In the process of FIG. 5, when the user uses the computer card and specifies that the processes are to be executed in parallel, the control unit 13 starts the cryptographic process within the currently connected communication session and waits for a certain period of time. , The encryption process is interrupted and the signature process is started. Then, when a certain period of time has passed or the signature processing has been completed, the previous encryption processing is restarted.

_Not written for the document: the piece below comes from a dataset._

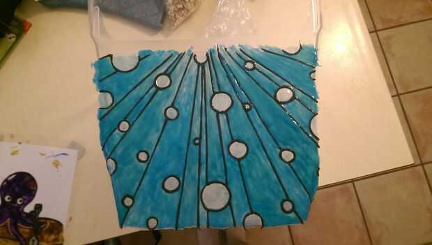 Pelar la pintura seca en el acetato. Papel blanco de impresora puede utilizarse por debajo de ella en la peladura apagado y la aplicación para asegurarse de que no se pega a cualquier cosa que usted no quiere que.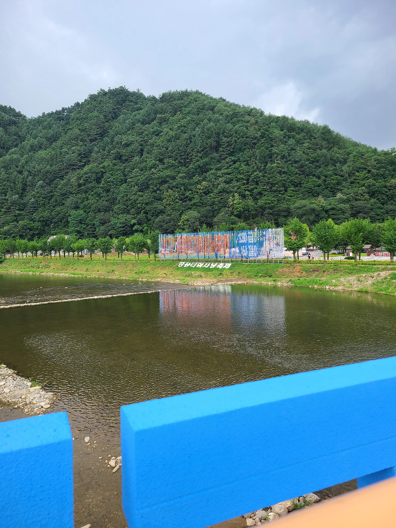 지역의 이름 있는 축제답게 형형색색의 풍선과 플래카드가 이곳이 바로 축제장임을 온몸으로 말하고 있었다. 곳곳에 배치된 안전요원의 안내에 따라 축제장으로 걸어갔다. 하필 가장 멀리 떨어진 주차장이라 몇백미터는 족히 걸어야 했다. 중간에 계곡 다리를 따라 건너는 순간, 갑자기 천둥소리가 나더니 비가 후드득후드득 떨어지기 시작했다.

FIG. 7 shows a pre-process S33 in FIG.
It is a figure which shows the procedure of. Random number generator 1 in computer card
8 generates a random number R (step S331), and stores the random number R in the user ID stored in the user secret information storage unit 23.
(Or exclusive OR) is communicated to the user (step S332). User is his / her ID
Is input, and R ′ obtained by subtracting the input character string from Rp (or taking an exclusive OR) is notified to the computer card.
The computer card compares the previously generated random number R with R ′ notified by the user, and if they are equal, authenticates the user as valid (step S333). As another method of user authentication, a predetermined user ID is encrypted and stored in a computer card, and whether or not the character string input by the user matches the encrypted character string is determined. A method of checking whether the encrypted user ID stored in the card matches the decrypted user ID can be applied.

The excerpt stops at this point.